▸ **YOUR TASK**
In the material below, write out each line word for word and omit the pictures.

▸ **TASK MATERIAL**
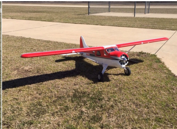
Woody and his FMS Beaver. Electric powered 4000mAh 6 cell battery. Two flights and when asked how it flies, he responded, "like a J-3 Cub with a radial up front."
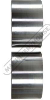
Set 3 Side View
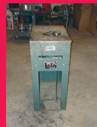
1 OF 2 ENGEL EDGE MASTER FLANGERS
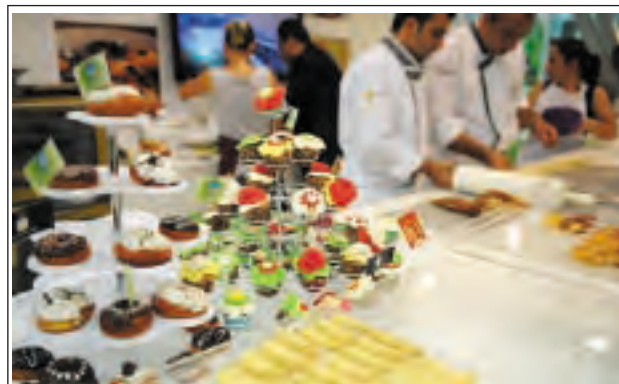
Cookies and cakes can be seen at a booth during the 2013 World Food fair in Istanbul on 6 Sept, 2013. More than 400 food producers and companies from 28 countries and regions participated in the exhibition opened here on Friday.
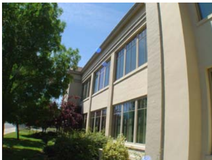
S Primary Structural Type
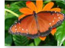
Queen ( Danaus gilippus )
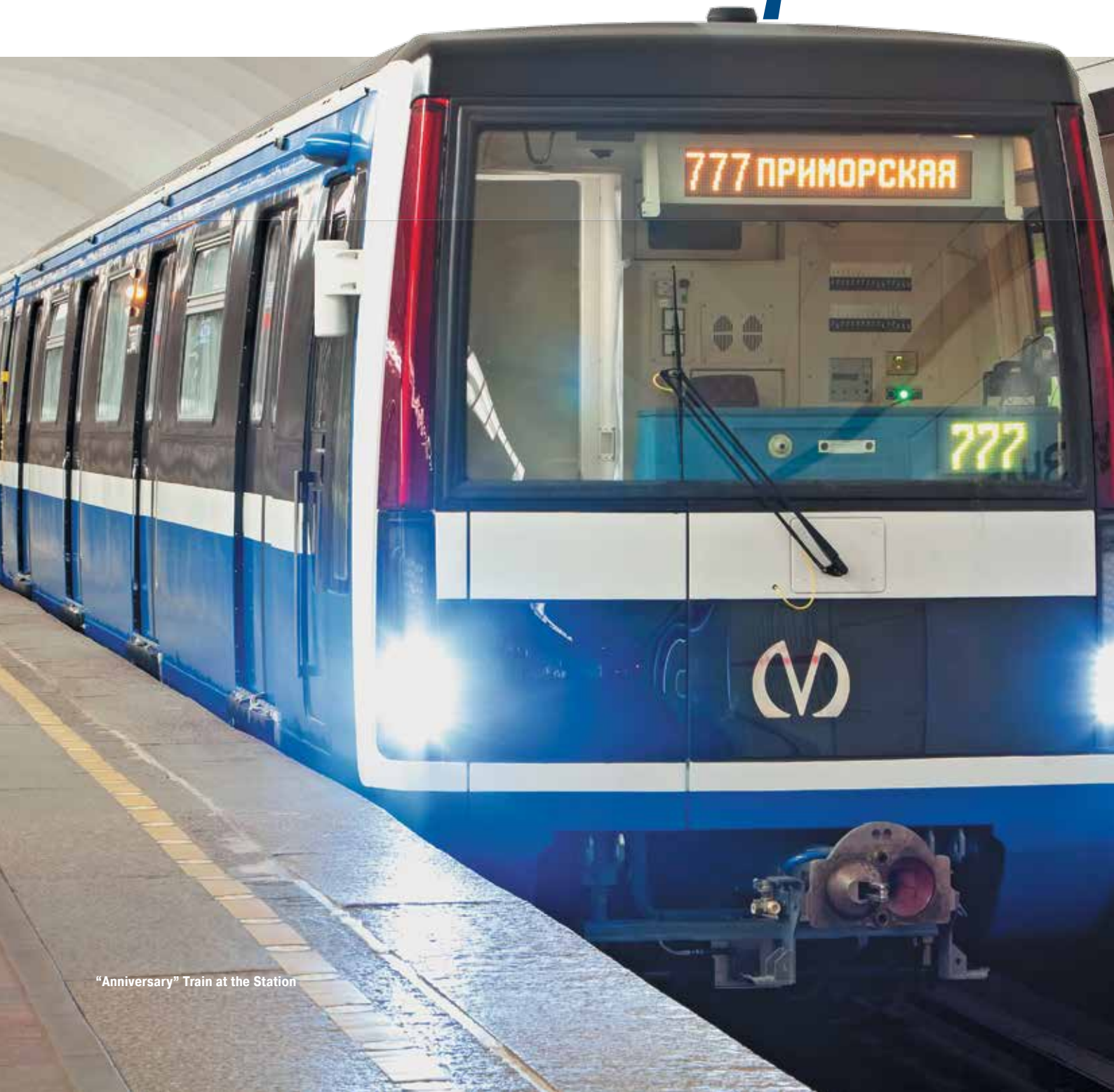
“Anniversary” Train at the Station

▸ **YOUR SOLUTION**
Woody and his FMS Beaver. Electric powered 4000mAh 6 cell battery. Two flights and when asked how it flies, he responded, "like a J-3 Cub with a radial up front."
Set 3 Side View
1 OF 2 ENGEL EDGE MASTER FLANGERS
Cookies and cakes can be seen at a booth during the 2013 World Food fair in Istanbul on 6 Sept, 2013. More than 400 food producers and companies from 28 countries and regions participated in the exhibition opened here on Friday.
S Primary Structural Type
Queen ( Danaus gilippus )
“Anniversary” Train at the Station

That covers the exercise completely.